▶ **The problem**
Nothing but the lines from the one with "kWh/m2 za rok |" through the end of the listing should be reproduced, each exactly and with pictures omitted.

▶ **Dataset excerpt**
++++++
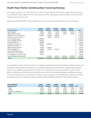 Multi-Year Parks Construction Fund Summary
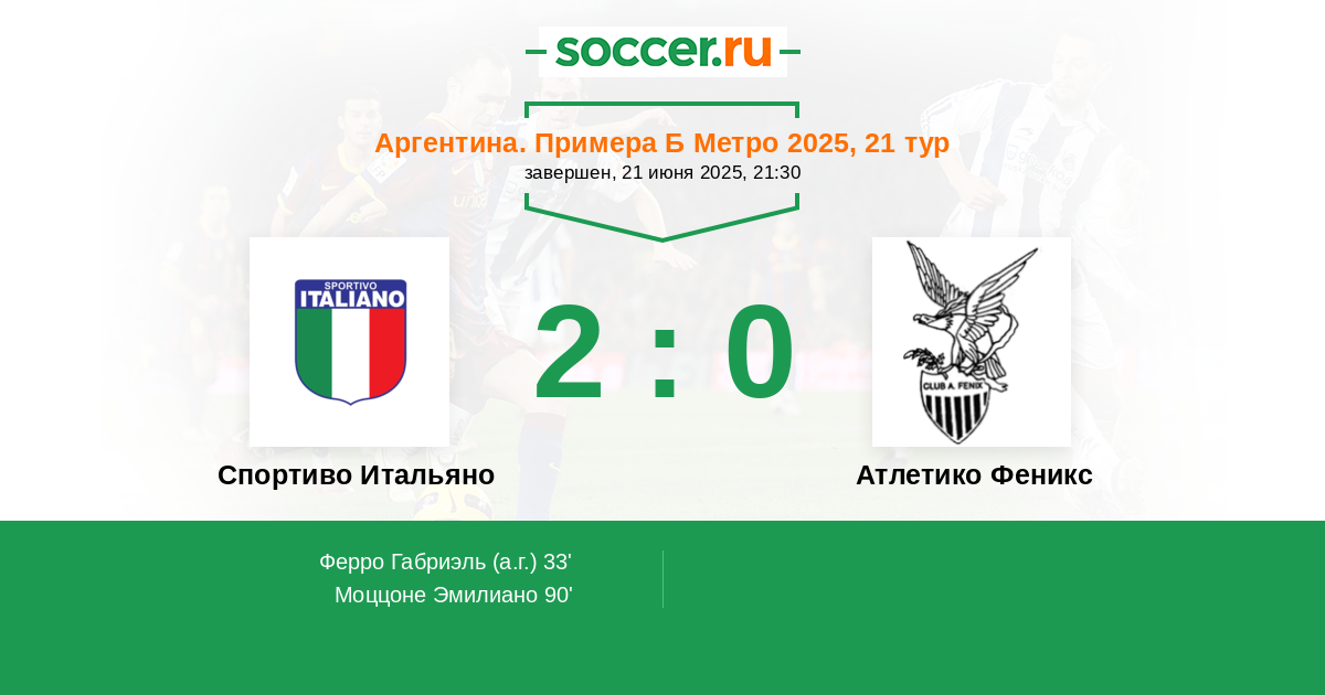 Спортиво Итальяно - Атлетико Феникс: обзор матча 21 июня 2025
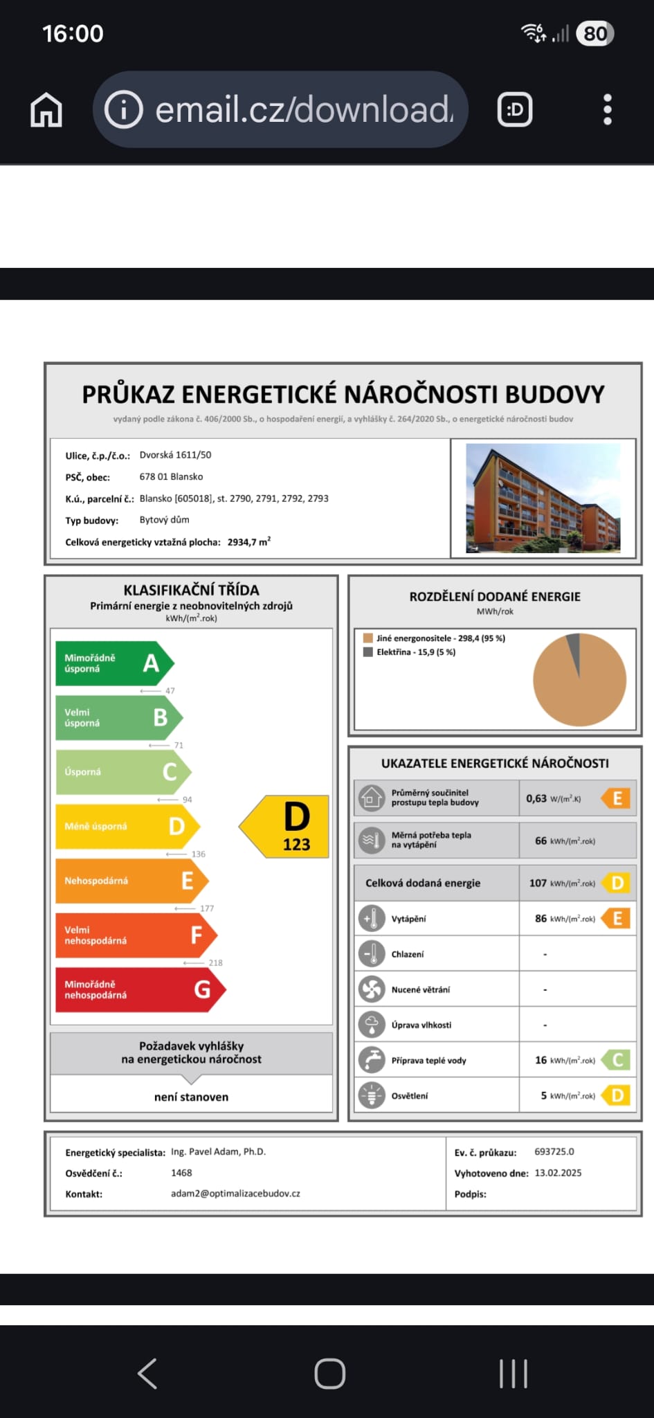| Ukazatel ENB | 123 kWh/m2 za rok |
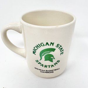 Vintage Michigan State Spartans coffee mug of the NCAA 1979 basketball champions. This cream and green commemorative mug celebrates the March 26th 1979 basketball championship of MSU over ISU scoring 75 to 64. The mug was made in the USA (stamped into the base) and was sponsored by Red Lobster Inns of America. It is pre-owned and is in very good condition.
++++++
▶ **Written answer**
| Ukazatel ENB | 123 kWh/m2 za rok |
 Vintage Michigan State Spartans coffee mug of the NCAA 1979 basketball champions. This cream and green commemorative mug celebrates the March 26th 1979 basketball championship of MSU over ISU scoring 75 to 64. The mug was made in the USA (stamped into the base) and was sponsored by Red Lobster Inns of America. It is pre-owned and is in very good condition.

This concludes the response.